(Beginning of Dataset content)

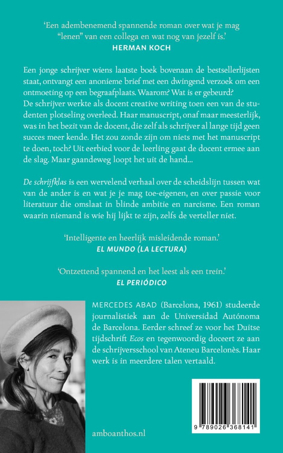 De schrijfklas is een wervelend verhaal over de scheidslijn tussen wat van de ander is en wat je je mag toe-eigenen, en over passie voor literatuur die omslaat in blinde ambitie en narcisme. Een roman waarin niemand is wie hij lijkt te zijn, zelfs de verteller niet.
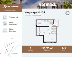Продаётся 2-комнатная квартира общей площадью 52.70 м² на 8 этаже.
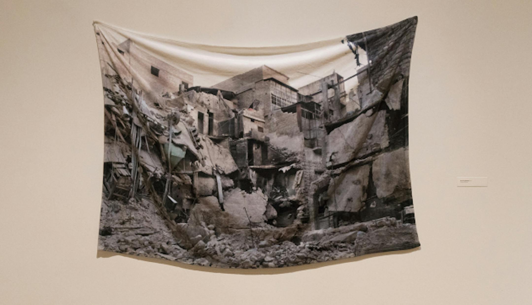 Above: "Receiving Blanket," a plush blanket imprinted with a bombed-out building, is part of Essma Imady's exhibit "Thicker Than Water."
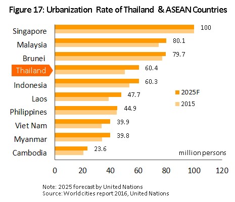 - Urbanization is continuing in Thailand and the United Nations forecasts that the Thai urbanization rate will in fact rise from 50.4% in 2015 to 60.4% in 2025 (Figure 17). This, combined with government policy to invest in national infrastructure and to establish special economic zones and the Eastern Economic Corridor, will increase opportunities for players to expand the provision of medical services and to meet demand from patients in the provinces, including non-Thais who have come to work in the country.
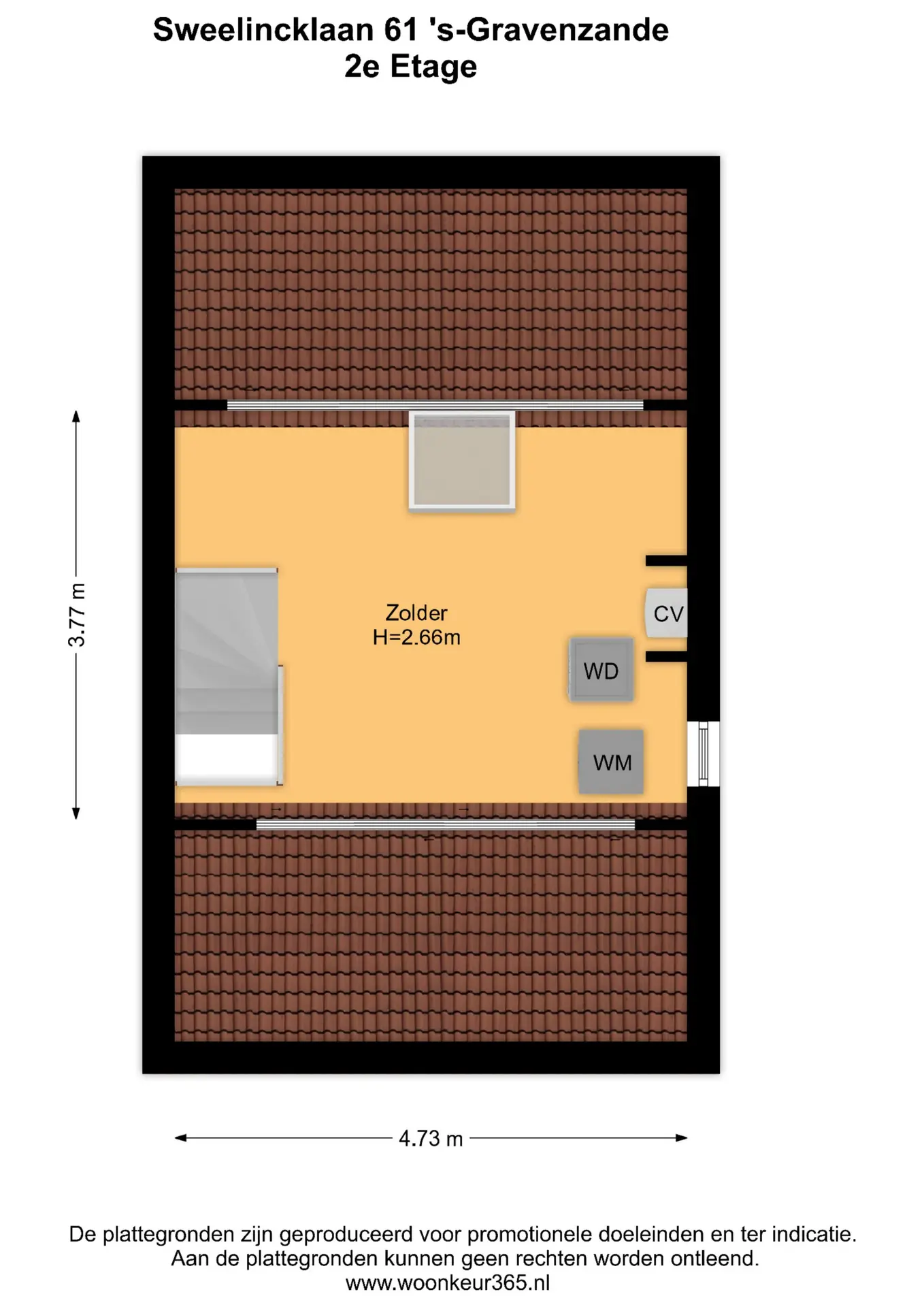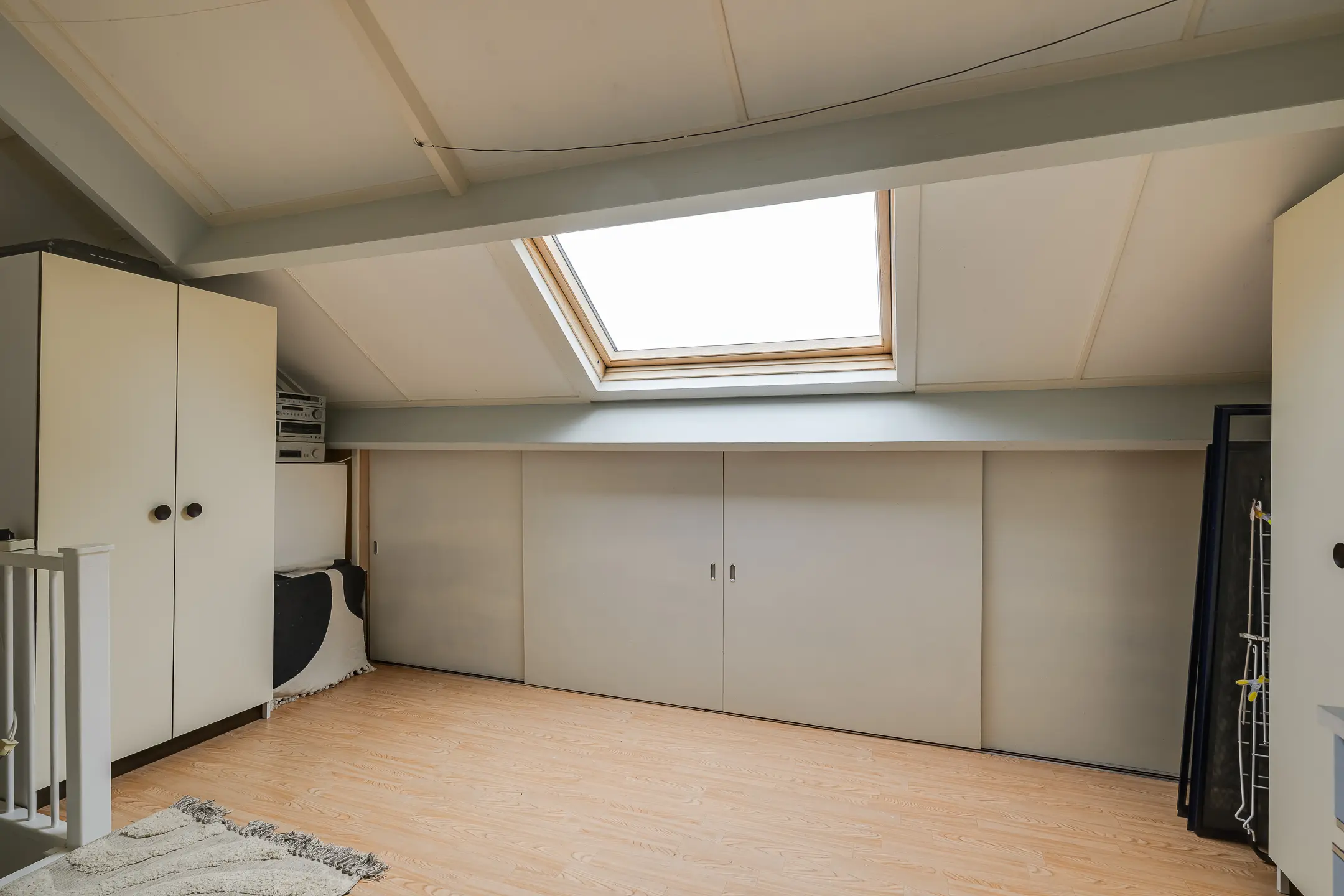De zolder betreft een open ruimte met Velux dakraam en vinyl vloer en biedt volop mogelijkheden. Hier kan bijvoorbeeld eenvoudig een vierde (slaap-)kamer, werkruimte of hobbykamer worden gerealiseerd.
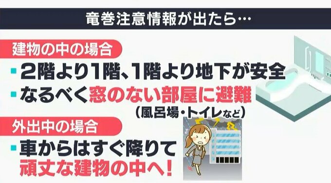 まさに竜巻注意情報という竜巻が発生しやすくなっていますよという気象情報がありますが、これが出たときにはどうしたらいいんでしょうか。

(End of Dataset content)

● **To do**: Each line from the line containing "a plush blanket" through the final line of the data above must be retyped exactly; nothing else, and no pictures, may appear.

● **Response to this exercise**:
 Above: "Receiving Blanket," a plush blanket imprinted with a bombed-out building, is part of Essma Imady's exhibit "Thicker Than Water."
 - Urbanization is continuing in Thailand and the United Nations forecasts that the Thai urbanization rate will in fact rise from 50.4% in 2015 to 60.4% in 2025 (Figure 17). This, combined with government policy to invest in national infrastructure and to establish special economic zones and the Eastern Economic Corridor, will increase opportunities for players to expand the provision of medical services and to meet demand from patients in the provinces, including non-Thais who have come to work in the country.
De zolder betreft een open ruimte met Velux dakraam en vinyl vloer en biedt volop mogelijkheden. Hier kan bijvoorbeeld eenvoudig een vierde (slaap-)kamer, werkruimte of hobbykamer worden gerealiseerd.
 まさに竜巻注意情報という竜巻が発生しやすくなっていますよという気象情報がありますが、これが出たときにはどうしたらいいんでしょうか。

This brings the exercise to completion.